The concept of the Ideal Medical Practice was founded by Gordon Moore in 2001 well before the health information technology sea change.
Today there is an overemphasis on electronic medical records. Unfortunately, as many adopters have learned the EHR may not contribute to improved medical care, but decreased efficiency and increased frustration to all health care providers. Most of this has been inflicted by government and health insurance companies.
The work flow has been adapted to boiler plate electronic health record design, rather than EHR designed to the work flow. At first glance this is the main reason for intense provider dissatisfaction with most current software design. Another contribution is the rapid increase of requirements due to simultaneous demands of meaningful use, changing to the ICD 10 codes, new requirements for management of accountable care organizations and a finite limit to resources for the requirements. The cost of these changes was partially offset by HITECH incentives, although they were inadequate for many providers. Ongoing maintenance requirements were totally ignored by HITECH.
All of these factors increase the likelihood of physician burnout. Physicians are trained and inherently devoted to caring for patients with complex problems. EHRs create one more energy drain for doctors and nurses alike. It has upset the balance of work-life, health and wellness.
The burden falls to providers facing diminished reimbursements. Decreasing profitably and outright becoming insolvent in today's environment weight heavily upon physicians who are now locked in by obligations, ongoing professional responsibilities add to hopelessness, and despondency. Physicians are trained to overcome difficult situations, and can manage problems. EHRs and bureaucracy are often not manageable and greatly influence physician wellness.
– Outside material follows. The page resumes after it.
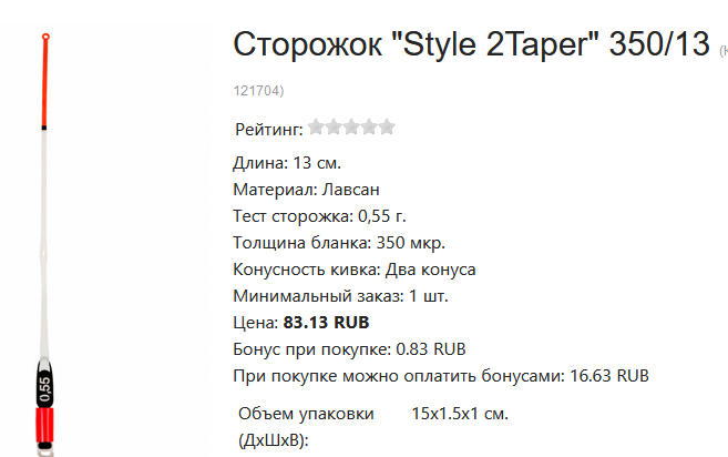 Больше всех понравились вот такие Style2taper 13 см (только конкретно 350 мкр. под вес 0.55 г) нормального строя для БМ ... их и поставил на пару удочек. Остальные тоже неплохо, но показались либо чересчур "дубинисто-фастовые" либо "лапшеватые". Чисто ИМХО, но если кто будет затариваться ко льду посмотрите ... вот такой:

Although physicians are proactive and outspoken, the administrators and regulators often do not listen. Congress does not listen.
Two weeks ago, the American Medical Association’s immediate past president, Dr. Steven Stack, chose what seemed like an odd venue to mention something called the “Quadruple Aim.”
He was giving remarks at the grand opening of the OSF Simulation Stage at healthcare startup incubator Matter in Chicago. The AMA supports Matter and has a lab of its own, the AMA Interaction Studio, in the same facility. “We need to restore joy to the practice of medicine,” Stack said on the very day the Annals of Internal Medicine published an AMA-supported study showing that physician waste huge chunks of their day on administrative tasks. Notably, doctors in four ambulatory specialties were tied up on electronic health records and other desk work for 49 percent of the work day, the research found. “We have got to get to the Quadruple Aim,” Stack said. That means the Triple Aim of safer patient care, better population health and lower costs, plus a fourth element, clinician satisfaction.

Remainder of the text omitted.